Casper heard the girl approach but continued to carve, listening to the chatter of the witches and spirits arguing with each other, advising, cursing or cajoling him until her shadow fell softly over his work. The black witch, loudest and most vicious of them all in his head, spat and growled.
‘Sit down, Agnes,’ he said without looking up. She did so, just opposite him on the grass with her
legs tucked under her and leaning on her arm. He lifted his eyes to her face and the black witch howled. She was a good-looking girl. Thick dark hair hung round her shoulders in a sheet; grey eyes with a sharp edge to them. She was paler than she should be, and her lips had a whiteness to them. He knew then.
‘Well?’ he demanded. Her chin started to tremble and she put her arms around her knees. Casper continued to carve. ‘Who began it?’
‘She did.’
‘What occurred? Steal your beau, did she?’
The girl had started to rock a little. ‘I thought she was my friend, but then at the Greeup wedding in May she wouldn’t leave him alone. She’s not even pretty.’
Casper sniffed and wiped his nose on the back of his hand. ‘Such things occur, girly. No reason to start playing games you shouldn’t. You know those games have a price. Tell me what you did.’
The girl pushed back her hair from her face and lifted her eyes towards the horizon. ‘I made a poppet.’
Casper felt the air chill around him and was afraid. ‘You fed it?’
‘Blood and rue.’
‘How do you know such things?’
She looked uncomfortable. ‘They are spoken of.’
His knife ceased work for a moment. ‘So this girl we are speaking of is Stella Giles, who broke her ankle in June?’ The black witch was already howling as he asked.
‘Yes.’ She looked at him, mumbled, ‘I didn’t mean it to be so bad, but she deserved it.’
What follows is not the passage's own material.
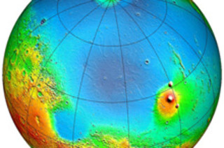 One of my favorite science-fiction movie scenes is the opening sequence of Armageddon, which depicts the asteroid impact that marked the end of The Dinosaur Show. After the impact, hellfire rains down across the globe in deadly, but photogenic, fashion. But as impressive a visual as that scence is, it is small beans compared to what scientist think might have actually happened to Mars. After sifting through huge amounts of data sent back from NASA's Mars Reconnaissance Orbiter and the Mars Global Surveyor probes, scientists believe they are closer to an explanation of one of the great puzzles of the solar system: why the northern hemisphere of the planet is so different from the southern hemisphere. The southern hemisphere is a jangle of ancient and rough terrain. The surface of northern hemisphere is much younger, and one of the flatest places in the solar system. Suggested explanations include the notion that the northern hemisphere is the sea bed of long-vanished ocean, that lava flows from the interior smoothed out the surface, or that it's actually just a really big crater from a really, really big asteroid. A new analysis of the shape of the Northern plain that (and this was the hard part) took into account later volcanic action that distorted the outline over the eons has put considerable weight behind the crater theory. This would make Mars host to the largest crater in the solar system and give us new insight into just how dangerous the early solar system was—it's believed that an even bigger asteroid collided with the Earth, splitting the planet completely open and splashing off gobs of material that later formed our moon.

He leaned forward and pointed at her chest with his knife so that she flinched back. ‘And what do you deserve now, Agnes? This is hateful work. You get snubbed by some lad, then young Stella isn’t able to work for a month. I should have known there was something in it, her taking so long to heal. You might have killed her.’ He spat on the ground. ‘You’ll have to pay it back, my girl, or it’ll go rotten on you — on you and in you.’ He paused, picking up the threads of talk from the arguing voices in his head. ‘Such matters are black. Tonight, no fireworks. Dig up the doll and take it up Swineside. Wash it in running water, and wash it well. Gather rowan and hazel enough to pack round it tight, tight — and bury it. Then you sit and you pray over it for forgiveness and think on what you have done. Never let me hear tell of you playing with such things again. Till dawn, mind — no creeping off. We’ll find a way for you to pay what you owe to Stella too, but first the lines must be straightened out.’